Since the robust classification of clothing in natural scene is a non-trivial and complex problem, we choose Support Vector Machine for classification purpose.
The code is divided into five major blocks.
- Dataset formation/downloading
- Pre-processing
- Feature Extraction
- Model Learning and validation
- Testing and Report Generation
Performed pre-processing of images to extract upper body parts from the images. Non-maxima Suppression is used to get the best hypothesis for the upper body part. The bounding region is then used to extract features like HoG, SURF.

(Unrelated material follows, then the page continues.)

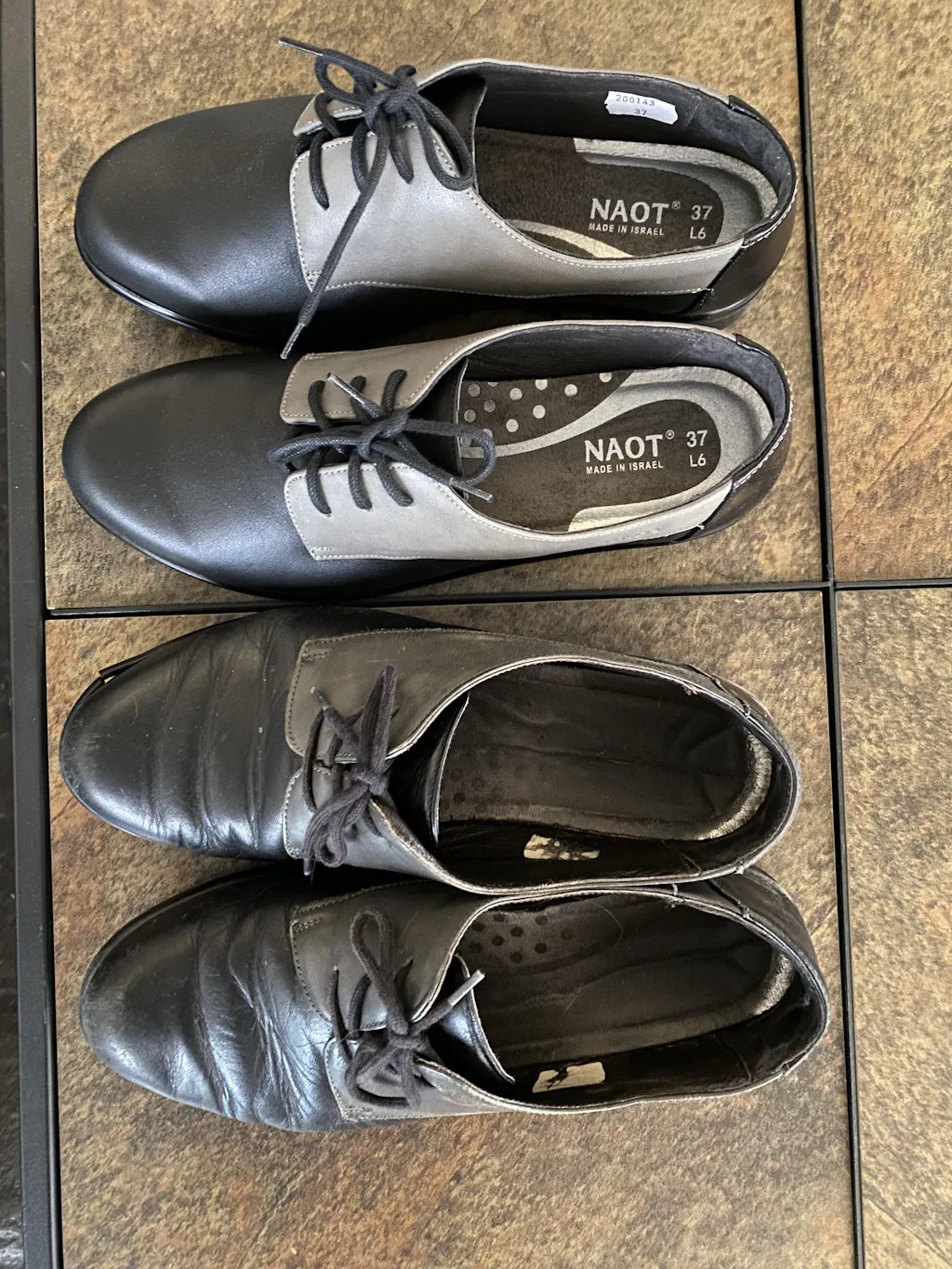 The Naot Kedma is a flat lace up shoe with contrasting leathers. This style has a heel cup for stability and support. Naot's removable, anatomic cork and latex footbed is wrapped in microfiber and leather and molds to the shape of the foot with wear. The Aura Collection features a 1.5" polyurethane sole with a metal shank which is extremely lightweight, durable and abrasive to prevent slipping. This collection uses a hand-sewn Strobel construction making it strong and extremely flexible. Our patented Naot Replacement Footbeds are also available for Kedma.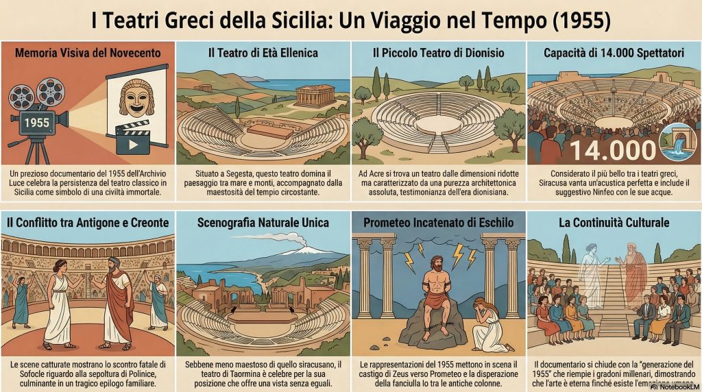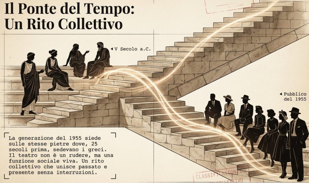 L’immagine più potente è quella della “generazione del 1955”: uomini in abito scuro, donne con cappellini d’epoca, tutti usciti da pochi anni dalla devastante esperienza della guerra, seduti sugli stessi gradoni di pietra dove venticinque secoli prima sedevano i cittadini greci. Le riprese delle rappresentazioni teatrali ci permettono di vedere come venivano interpretati i testi di Sofocle ed Eschilo a metà del secolo scorso, con una recitazione enfatica e scenografie che sfruttavano la drammaticità naturale dei siti.

To remove the false positives of Upper Body detection we find a frontal face inside the upper body. The hypothesis without frontal faces are false positives and can be removed.
'''
Function to preprocess image detecting upperbody parts
'''
def preprocessImage(image, filename):
face_detected_upperbody_image = np.empty((0))
upperbody = getBodyPart(image,upperbody_cascade_path, (30,30))
for body in upperbody:
cropped_upperbody_image = cropImage(image, body)
face = getBodyPart(cropped_upperbody_image, frontalface_cascade_path, (30,30))
if len(face)>0:
face_detected_upperbody_image = cv2.resize(cropped_upperbody_image, size)
cropped_image_file_name = os.path.join(preprocess_path, 'cropped_'+ filename)
cv2.imwrite(cropped_image_file_name,face_detected_upperbody_image)
upperbody_image = drawRectangle(image, body, 0, 0, 255)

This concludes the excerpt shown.